• Your goal:
For the listing below, return the line containing "Last week, Aliyah", the line containing "[에이치엔엠] 프릴 트리밍 벌룬 슬리브 블라우스 라이트 블루 1334998001", and all lines in between, exactly as written and nothing else.
BEGIN Supplied material
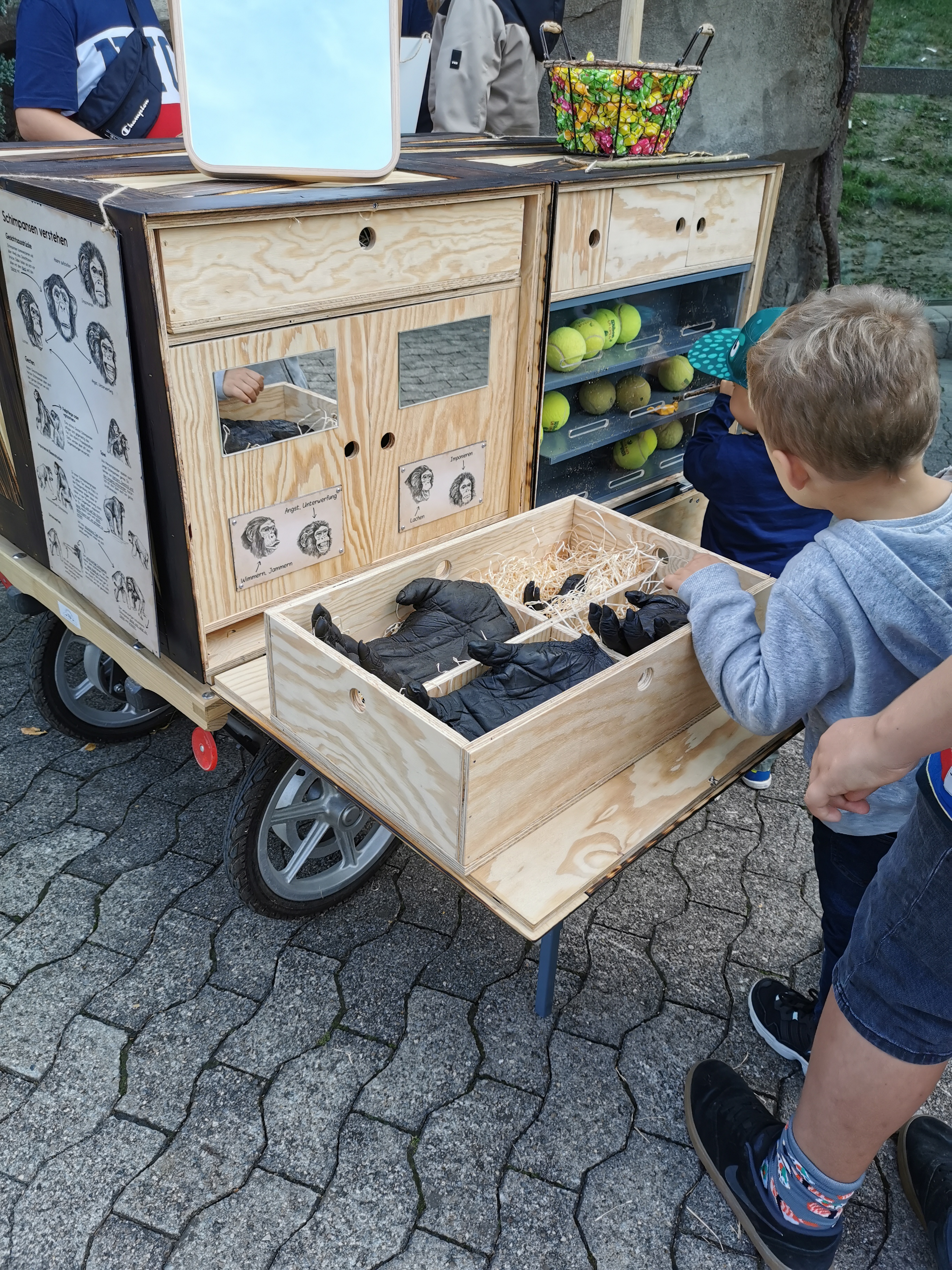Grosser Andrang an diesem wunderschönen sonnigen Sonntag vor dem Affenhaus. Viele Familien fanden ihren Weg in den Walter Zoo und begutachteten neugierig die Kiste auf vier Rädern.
END Supplied material
BEGIN Supplied material
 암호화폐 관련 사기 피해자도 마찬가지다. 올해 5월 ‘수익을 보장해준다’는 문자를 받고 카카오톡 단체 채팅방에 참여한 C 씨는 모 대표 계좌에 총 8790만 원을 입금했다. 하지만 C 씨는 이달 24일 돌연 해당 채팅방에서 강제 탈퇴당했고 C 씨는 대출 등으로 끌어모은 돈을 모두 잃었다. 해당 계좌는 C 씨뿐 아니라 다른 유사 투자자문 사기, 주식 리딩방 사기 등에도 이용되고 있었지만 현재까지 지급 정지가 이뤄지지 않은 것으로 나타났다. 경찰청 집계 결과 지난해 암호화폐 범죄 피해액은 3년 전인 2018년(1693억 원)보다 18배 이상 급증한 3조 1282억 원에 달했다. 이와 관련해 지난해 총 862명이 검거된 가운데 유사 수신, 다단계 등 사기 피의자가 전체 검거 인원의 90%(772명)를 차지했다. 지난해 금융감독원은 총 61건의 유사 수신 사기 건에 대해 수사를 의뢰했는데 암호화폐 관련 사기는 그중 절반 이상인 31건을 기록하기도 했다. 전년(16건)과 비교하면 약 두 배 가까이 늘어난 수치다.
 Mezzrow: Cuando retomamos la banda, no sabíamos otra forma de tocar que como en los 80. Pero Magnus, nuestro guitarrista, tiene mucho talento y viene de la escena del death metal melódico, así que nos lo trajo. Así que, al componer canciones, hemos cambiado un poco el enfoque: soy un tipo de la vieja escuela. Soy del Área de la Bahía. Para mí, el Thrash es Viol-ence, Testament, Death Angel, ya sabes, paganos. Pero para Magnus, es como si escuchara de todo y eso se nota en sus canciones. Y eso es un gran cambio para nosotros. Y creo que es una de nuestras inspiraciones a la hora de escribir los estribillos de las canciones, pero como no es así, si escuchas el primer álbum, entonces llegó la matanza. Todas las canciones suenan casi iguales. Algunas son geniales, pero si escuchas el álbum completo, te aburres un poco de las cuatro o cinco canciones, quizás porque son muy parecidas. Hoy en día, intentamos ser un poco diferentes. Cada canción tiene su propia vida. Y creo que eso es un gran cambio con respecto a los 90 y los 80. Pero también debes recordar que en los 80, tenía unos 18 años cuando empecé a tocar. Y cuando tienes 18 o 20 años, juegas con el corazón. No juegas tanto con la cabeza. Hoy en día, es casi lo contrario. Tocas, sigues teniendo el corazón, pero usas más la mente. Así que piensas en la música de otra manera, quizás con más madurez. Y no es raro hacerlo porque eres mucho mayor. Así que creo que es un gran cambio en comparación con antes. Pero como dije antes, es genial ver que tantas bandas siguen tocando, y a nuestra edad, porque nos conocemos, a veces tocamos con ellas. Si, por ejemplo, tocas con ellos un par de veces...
END Supplied material
BEGIN Supplied material
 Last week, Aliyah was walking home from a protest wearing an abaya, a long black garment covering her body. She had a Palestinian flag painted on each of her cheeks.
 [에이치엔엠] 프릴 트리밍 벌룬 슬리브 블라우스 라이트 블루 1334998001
END Supplied material
• Final answer:
 Last week, Aliyah was walking home from a protest wearing an abaya, a long black garment covering her body. She had a Palestinian flag painted on each of her cheeks.
 [에이치엔엠] 프릴 트리밍 벌룬 슬리브 블라우스 라이트 블루 1334998001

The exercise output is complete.